ノート・パソコン,携帯電話の筐体に採用へ

 ノートパソコン,AV機器,携帯電話の筐体にポリ乳酸や天然物由来のプラスチックを使う動きが出てきた。

 例えば,富士通は,ポリ乳酸とポリカーボネート(PC)を約半分ずつ混ぜ合わせた樹脂を2005年春モデルのノートパソコン「FMV-BIBLO NB80K」の筐体に採用した(図1)。富士通と富士通研究所,東レの3社で共同開発したもの。東レが植物性樹脂とPCを複合化した樹脂ペレットを供給し,富士通の関連会社で射出成形している。開発した樹脂の特性は,耐熱性が85℃,引っ張り強さが65MPa,引っ張り破断伸びが60%,曲げ強さが100MPa,曲げ弾性率が4.4GPaと筐体に使えるレベルまで特性を向上させた。

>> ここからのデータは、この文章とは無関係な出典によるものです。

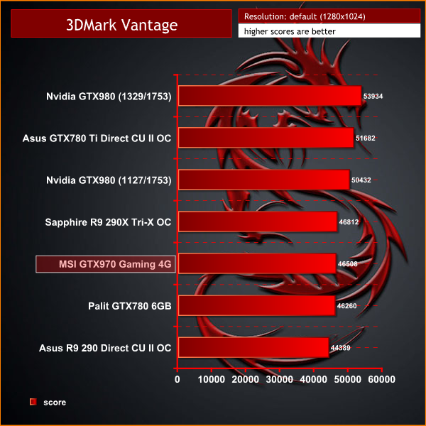 The MSI GTX970 Gaming 4G scores well in this older Direct X 10 benchmark, outperforming the Palit GTX780 6GB.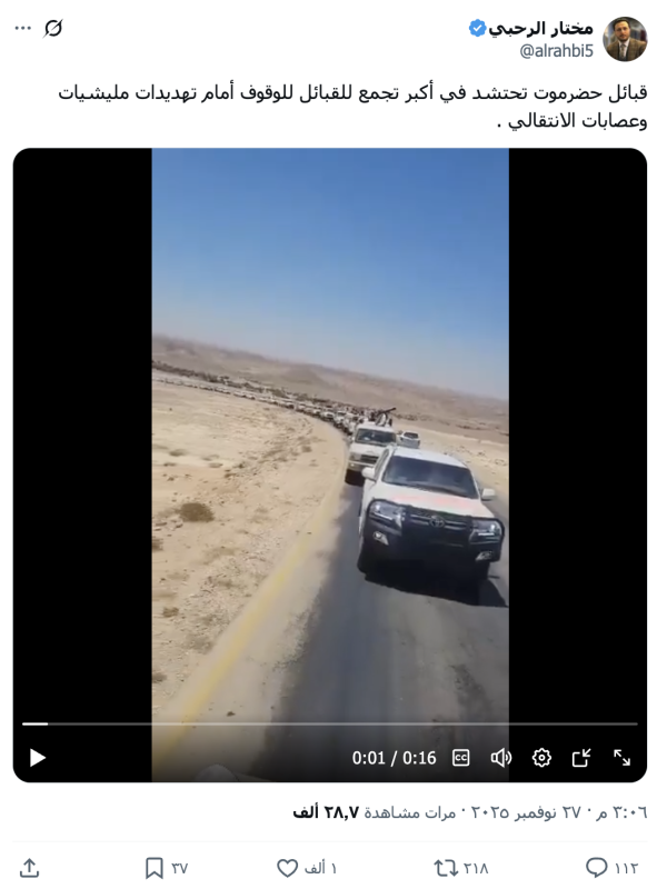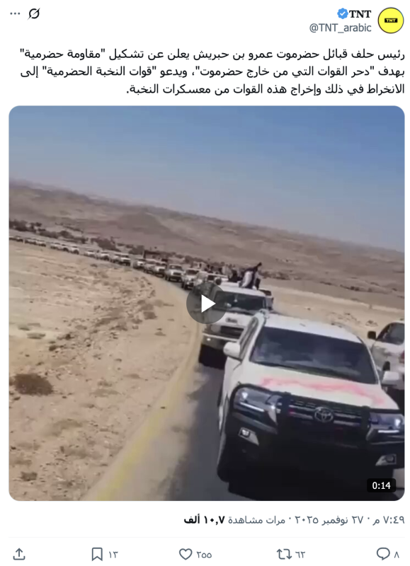 نشرت حسابات على منصة أكس مقطع فيديو مدعية أنه لحشد قبائل حضرموت للوقوف أمام تهديدات المجلس الانتقالي مؤخرا

 特性を上げるためにPCを半分加えたために生分解性については犠牲になっているが,同社が強調するのは,製品のライフ・サイクル全体での二酸化炭素の排出量。回収した樹脂を焼却するサーマル・リサイクルの場合で,従来の樹脂に比べて約15%削減できるという。

 携帯電話の筐体に採用して注目されたのがNTTドコモである。ポリ乳酸にケナフ繊維を複合化して耐熱性や強度を向上させた材料を筐体に使った試作機を開発した。材料そのものは,NECが開発したもので,同社はNECは既にノート・パソコンの一部に使い始めている。NTTドコモは,愛知万博会場でNTTドコモの社員の連絡用に使った後,その使用結果を基に商品化の検討を進めている模様だ。